How to revive a hard drive
One trick I have learned as a technician, when the problem is data-read errors off the platters themselves, is to freeze the hard drive overnight. It makes the data more 'readable,' but for a one-shot deal. If this data is critical, and you have a replacement hard drive (which, if it's a drive failure, you probably do), then you can hook up your frozen hard drive and immediately fetch the data off before it warms up
Here are some drive recovery tricks that have worked for me, in the order that I do them. Try booting the drive and copying the data off after every step.
1. Hold the drive upside down, making gravity change the head geometry ever so slightly.
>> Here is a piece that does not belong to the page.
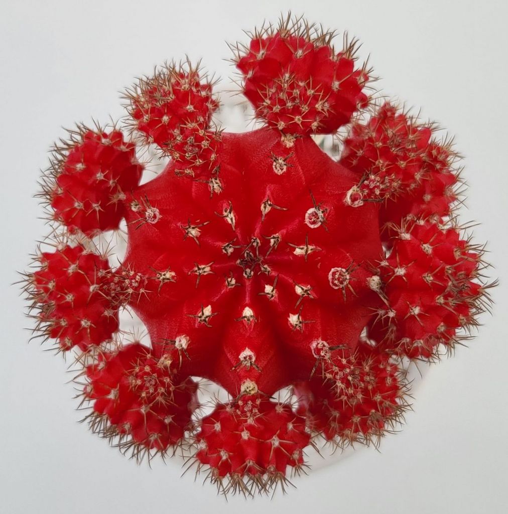 접목 선인장은 녹색 선인장에 접붙여 키우는, 엽록소 없는 화려한 색상의 선인장이다.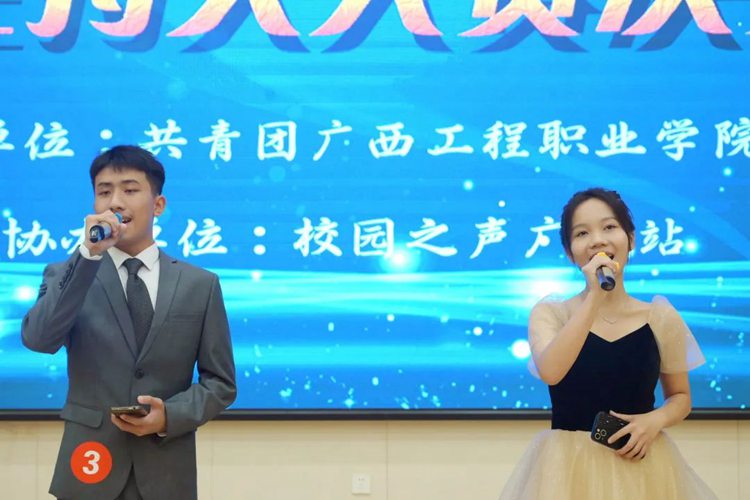 為學(xué)習(xí)宣傳貫徹黨的二十大精神,用語言生動描繪新時代黨和國家取得的輝煌成就,用聲音精彩呈現(xiàn)黨和國家在推進(jìn)偉大復(fù)興新征程中的新氣象、新精神。同時,為了營造富有激情、青春的校園文化氛圍,提高學(xué)生的人文素質(zhì)和邏輯思辨、溝通表達(dá)能力,廣西工程職業(yè)學(xué)院于12月8日晚在圖文信息大樓五樓學(xué)術(shù)報告廳舉辦“激揚(yáng)青春夢,奮進(jìn)新征程”主持人大賽決賽。

Vertical is also another option.
2. Slightly rap the drive with your knuckle, (but nowhere near hard enough to damage the drive).
3. Try the drive in another machine, (slight drive voltage change assumed to be the miracle worker here).
4. Rap the drive just SLIGHTLY harder than you did above in 2.
5. Freeze the hard drive in the freezer for two hours, and place in a plastic zip lock bag to prevent condensation from forming on the drive when you plug it back into the system, (head geometry, electrical resistance lowered, electrical contact points adjusted, etc., assumed to be the miracle here).
6. After the drive warms up to room temperature or better, rap it even harder with your knuckle this time.
7. Repeat all of above steps on next day, as sometimes I've gotten data off drive simply by trying again.